STOMIt is STThe upper sub- face corresponding to local error region, U and V represent two parametric directions in sub- face respectively, and m is local error
Region, n are gradient error regions, PtmIt is STOMOn a theoretical cutter location, PtnIt is a theory in gradient error region
Cutter location, UpAnd VpIt is PtmIn STOMOn Surface Parameters;SRIt is actual face, SROMIt is SRThe upper son corresponding to local error region
Face, PrmIt is an actual cutter location in local error region, PrnIt is an actual cutter location in gradient error region, UpWith
VpAnd PrmIn SROMOn Surface Parameters.
The schematic diagram of arc length mapping, the wherein S such as when Fig. 8 is gradient error region envelope local error regionTIt is theoretical face,
J1And J2It is two anchor points of workpiece, L1For J1And J2The straight line connected, n are gradient error regions, PtnIt is gradient error area
A cutter location in domain, m are local error regions, b1For m and L1Nearest point of contact, b2For m and L1Farthest point of contact, r1It is L1
One dash area region of top, r2And r3It is L1Two pieces of dash area regions of lower section.Lm1It is by L1Move to and just cross b2
New reference line.
The schematic diagram that knife rail maps when Fig. 9 is uniform error region envelope local error region, S in figureTIt is theoretical face, SR
It is actual face, STOMIt is corresponding to the sub- face in local error region, S on theoretical faceROMIt is to correspond to local error area on actual face
The sub- face in domain.U and V represents two parametric directions of subsurface respectively, and m represents local error region, PtmIt is STOMAn interior reason
By cutter location, UpAnd VpIt is PtmIn STOMOn Surface Parameters, PrmIt is SROMAn interior actual cutter location, it is in SROMOn song
Face parameter is also UpAnd Vp, PrmBy PtmMap to obtain etc. parameter, j represents uniform error region, PtjIt is uniform error on theoretical face
A theoretical cutter location in region, PrjIt is the actual cutter location in uniform error region on actual face, it is by PtjThrown to actual face
Shadow obtains.
Embodiment
With reference to the accompanying drawings and detailed description and example components the invention will be further described:
A kind of numerical control machining knife rail subregion mapping method for considering error band distribution, as shown in figure 1, it is including following
Step:
First, extract according to workpiece theory face generative theory knife rail and therefrom theoretical cutter location, then by actual face with it is theoretical
In face of than obtaining the regional allocations feature of different error patterns on actual face,
Secondly, region division is carried out to actual face according to regional allocations feature, obtained corresponding to different error patterns
Error band:
There is uniform error region:For error in the range of ± δ, δ is rule of thumb true by technologist in the actual face region of workpiece
It is fixed;
Gradient error region:Error exceedes ± δ scopes and constantly accelerates to increase towards the zone boundary in the actual face region of workpiece
Greatly, maximum is reached at zone boundary, shows as warpage of the actual face in this boundary;
Local error region:Error of the actual face of workpiece in a certain region exceed ± δ scopes and to region inside a bit
Constantly slow down and increase, finally somewhere reaches the local error maximum in the region in region, shows as this area on actual face
Swell to form convex closure or collapse to form pit in domain;
Finally, for uniform error region using the method for projection, for the arc length mapping such as gradient error region use
Method, the method for the parameter mapping such as local error region use, work is mapped to by the theoretical cutter location on workpiece theory face
So as to the conversion of realization theory knife rail to actual knife rail on the actual face of part, the mapping of knife rail is completed.
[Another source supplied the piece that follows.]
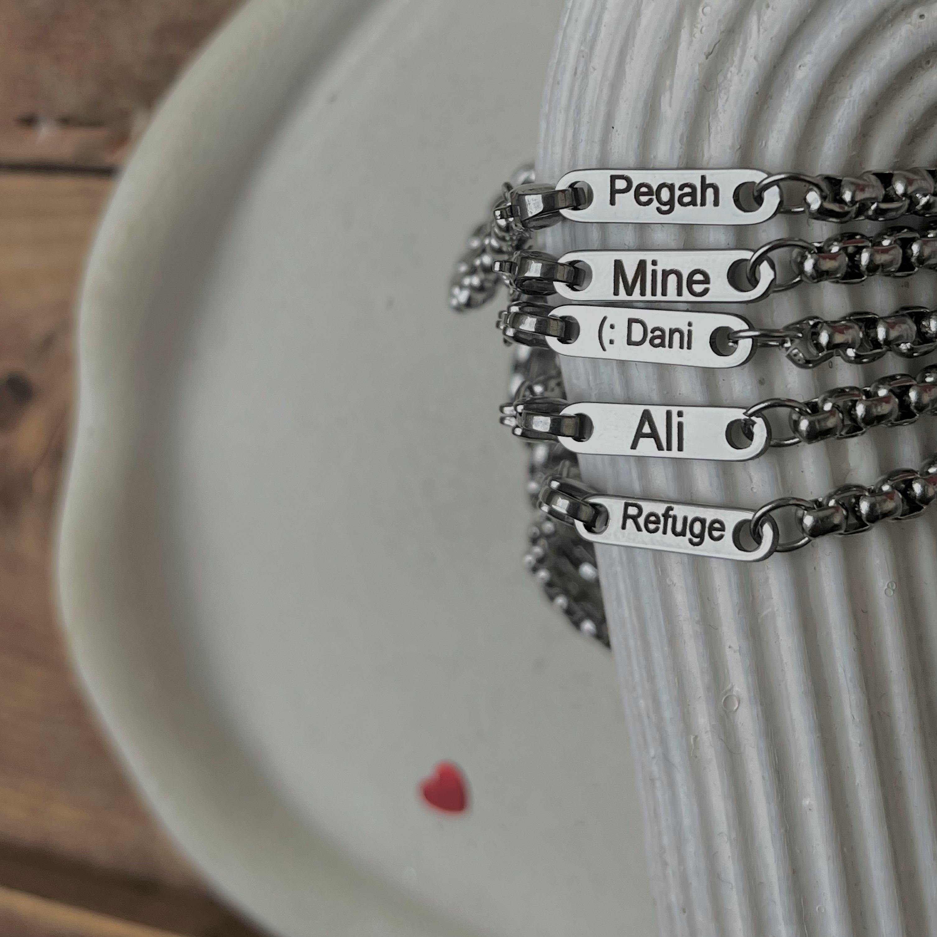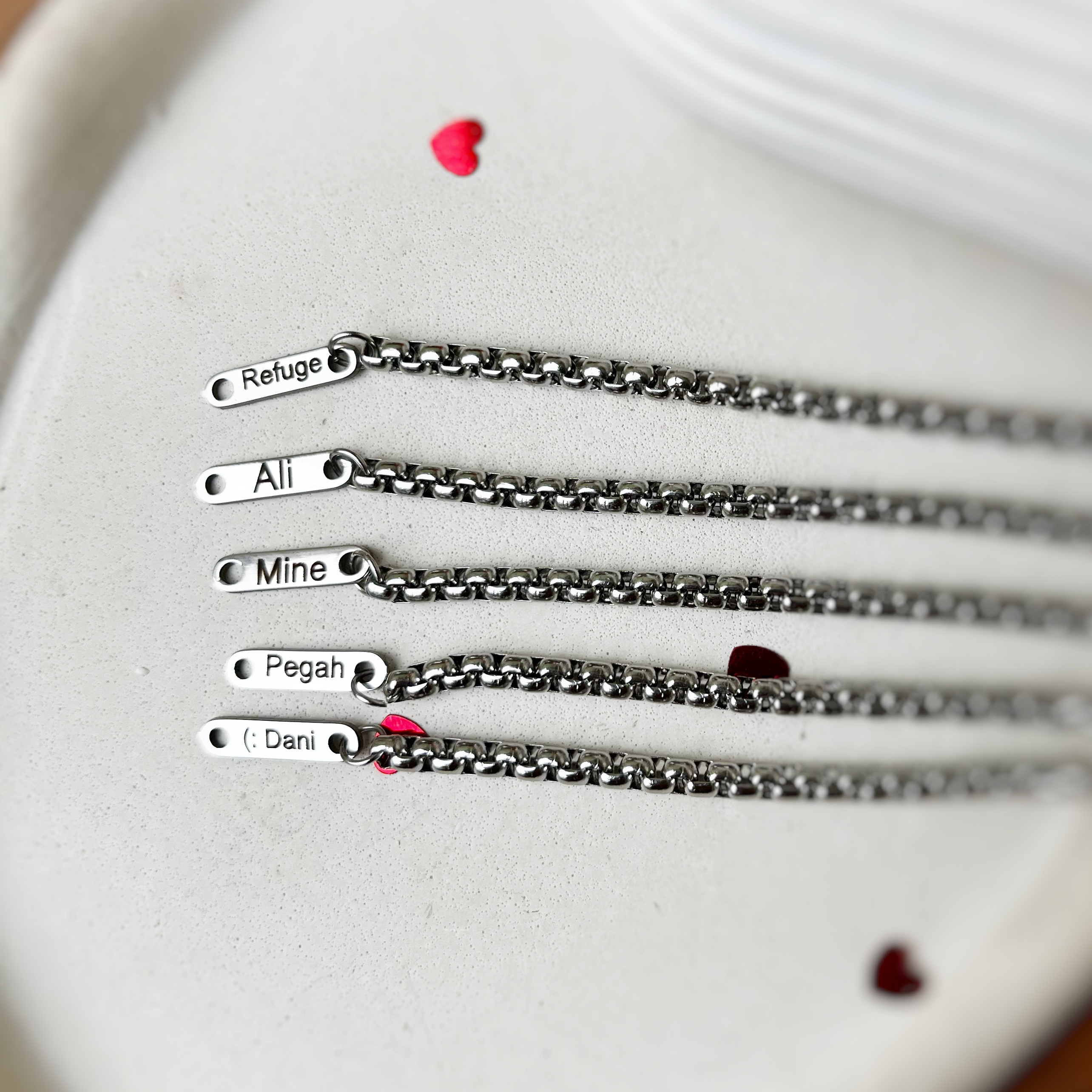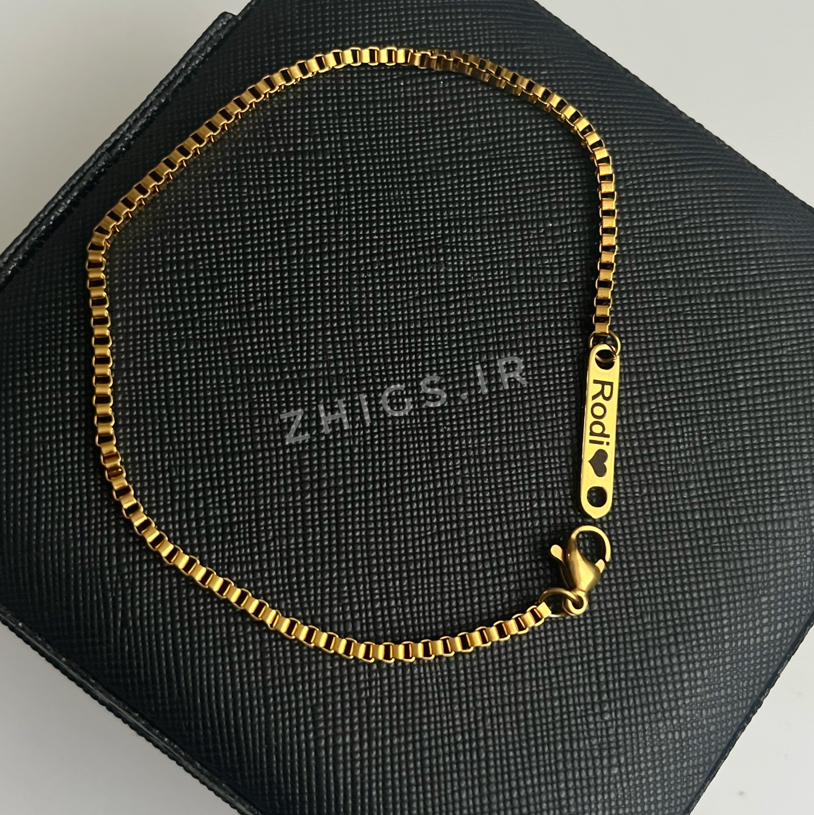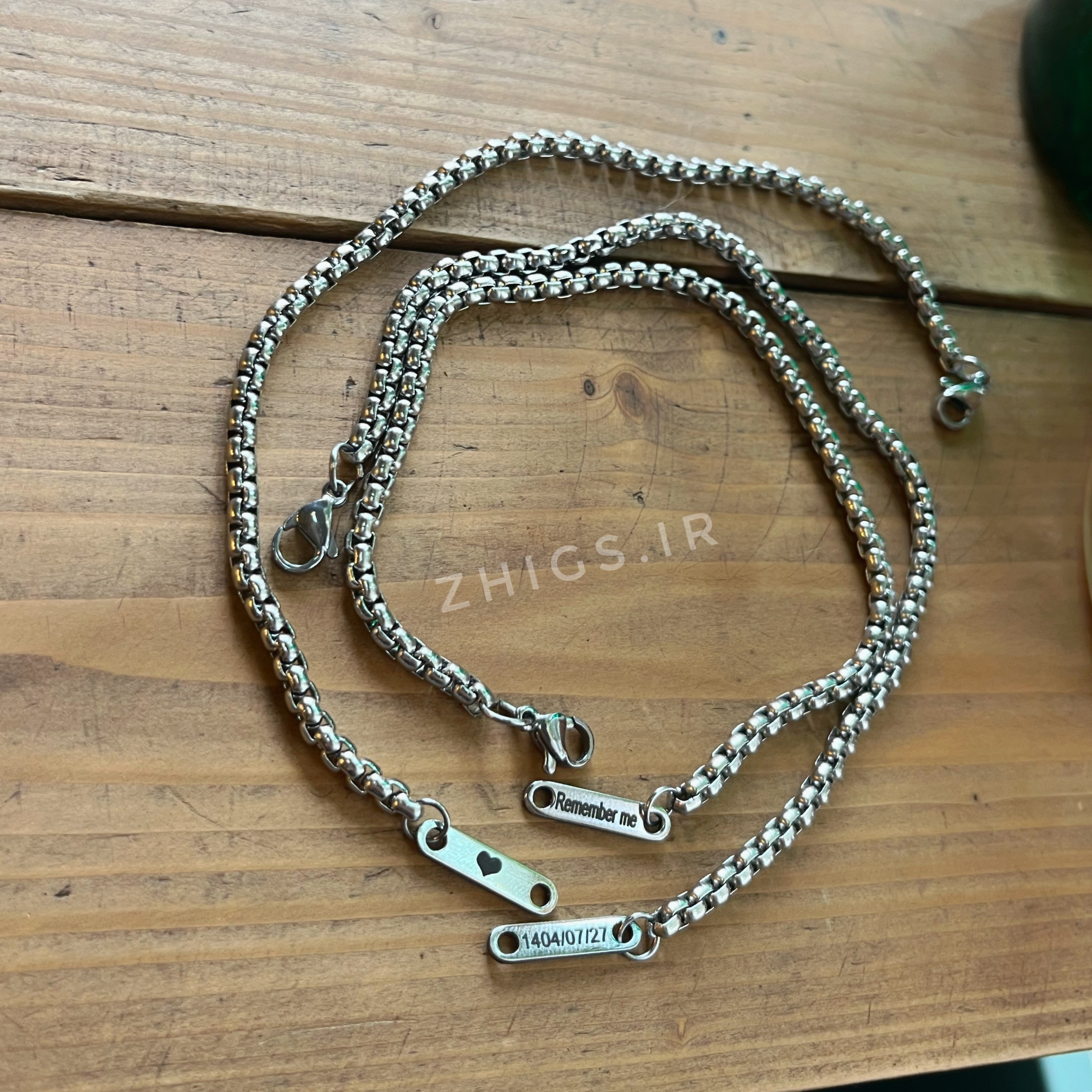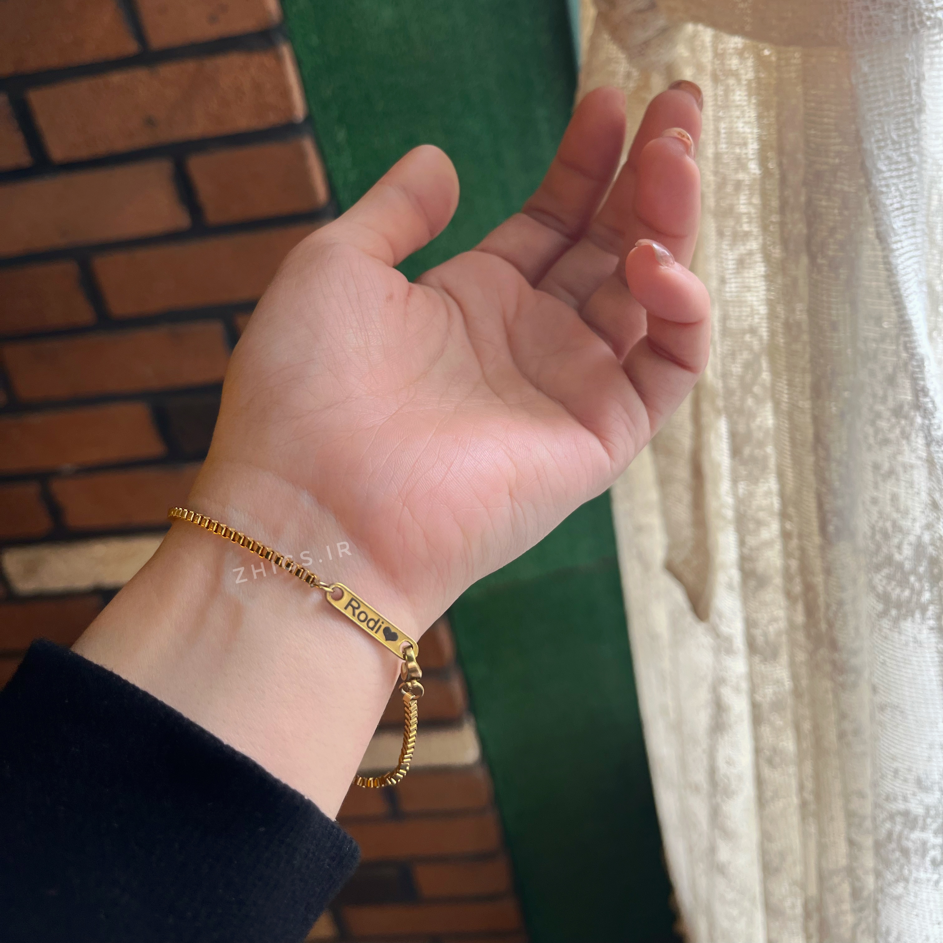 - پلاک مستطیلی فوقظریف : فقط یه پلاک کوچیک نقرهای/طلایی که اسمت روش حک شده – نه بزرگ، نه کوچیک، دقیقاً اندازهای که زیر آستین هم قشنگ میمونه.

Wherein:For gradient error region using etc. arc length mapping method when use knife rail file in two anchor point J1
And J2Line L1The reference line of the arc length such as structure mapping, establish geometrical relationship further according to this reference line and solve actual knife
Site.Anchor point J1And J2Two datum marks during processing are designed for workpiece, the two points in theoretical face and actual face are to overlap
, so by L1As etc. arc length mapping benchmark.Etc. concretely comprising the following steps for arc length mapping:
Step 1: two anchor point J of connection1And J2Obtain a reference line L in space1。
Step 2: set PtIt is a theoretical cutter location, builds with straight line L1Sweared for method and cross point PtPlane T1。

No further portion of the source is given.